Output the listing verbatim, leaving out every picture.

> [Dataset extract]:
···

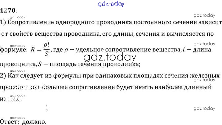 На страницах сайта gdz.today вы найдете учебный и вспомогательный материал, направленный на улучшения знаний школьной программы. ГДЗ - онлайн мир знаний Решение к заданиям 1270 Сборнику задач по Физике для 7-9 класса Лукашик, Иванова Просвещение 2011
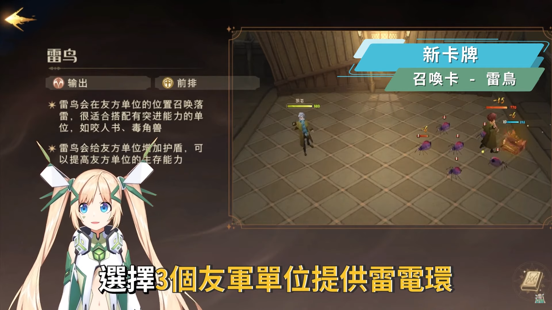 這次更新後新增了新的史詩卡牌「雷鳥」,卡牌特性是能夠在每隔一段時間選擇3個友軍單位提供雷電環,並且在一段時間後引爆,同時友軍單位也會附加護盾。雷鳥的使用搭配可以是用怪獸書或三本怪獸書迅速衝到敵方面前時,搭配召喚雷鳥就可以使單位附近形成雷電環並引爆,若對方此時召喚出召喚物出來會正好被雷鳥引爆的雷電環傷到,另外要注意的是雷鳥的生命值並不高,因此最好不要第一時間就召喚出來,又或是最好確保前方有保排單位或是解場的咒術卡,且根據陸服敘述,後續雷鳥也是有機會可以在拼圖尋寶活動中獲取的哦!而根據陸服的卡組搭配,也有看到許多玩家有將雷鳥配置在弗立維迴響的卡組中。
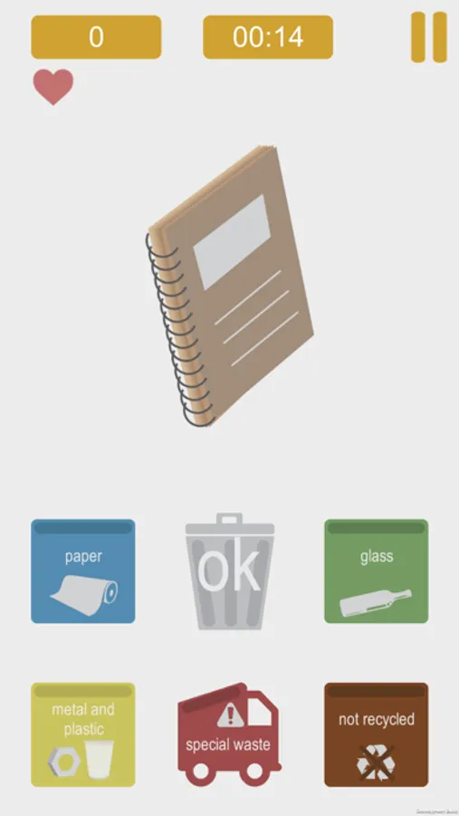 Once you start the game you will see an object and will have to decide in which bin(s) this object has to go on the basis of the material(s) of which the object is made. There are five waste separation bins among which you can choose: blue bin - paper, green bin - glass, yellow bin - plastic and metal, dark brown bin - not recycled, a little red truck bin - special waste (waste that has to be specifically taken away by some institution, e.g. medical waste, or put in special places, e.g. electronics, batteries etc.). Once the object appears on the screen tap the bin(s) where you think it belongs and then click the OK button. Then, the next object will appear. Small ticks will appear on the waste separation bins you have tapped to show you which bin(s) you have chosen for the current object.

···

> [Answer section]:
 На страницах сайта gdz.today вы найдете учебный и вспомогательный материал, направленный на улучшения знаний школьной программы. ГДЗ - онлайн мир знаний Решение к заданиям 1270 Сборнику задач по Физике для 7-9 класса Лукашик, Иванова Просвещение 2011
 這次更新後新增了新的史詩卡牌「雷鳥」,卡牌特性是能夠在每隔一段時間選擇3個友軍單位提供雷電環,並且在一段時間後引爆,同時友軍單位也會附加護盾。雷鳥的使用搭配可以是用怪獸書或三本怪獸書迅速衝到敵方面前時,搭配召喚雷鳥就可以使單位附近形成雷電環並引爆,若對方此時召喚出召喚物出來會正好被雷鳥引爆的雷電環傷到,另外要注意的是雷鳥的生命值並不高,因此最好不要第一時間就召喚出來,又或是最好確保前方有保排單位或是解場的咒術卡,且根據陸服敘述,後續雷鳥也是有機會可以在拼圖尋寶活動中獲取的哦!而根據陸服的卡組搭配,也有看到許多玩家有將雷鳥配置在弗立維迴響的卡組中。
 Once you start the game you will see an object and will have to decide in which bin(s) this object has to go on the basis of the material(s) of which the object is made. There are five waste separation bins among which you can choose: blue bin - paper, green bin - glass, yellow bin - plastic and metal, dark brown bin - not recycled, a little red truck bin - special waste (waste that has to be specifically taken away by some institution, e.g. medical waste, or put in special places, e.g. electronics, batteries etc.). Once the object appears on the screen tap the bin(s) where you think it belongs and then click the OK button. Then, the next object will appear. Small ticks will appear on the waste separation bins you have tapped to show you which bin(s) you have chosen for the current object.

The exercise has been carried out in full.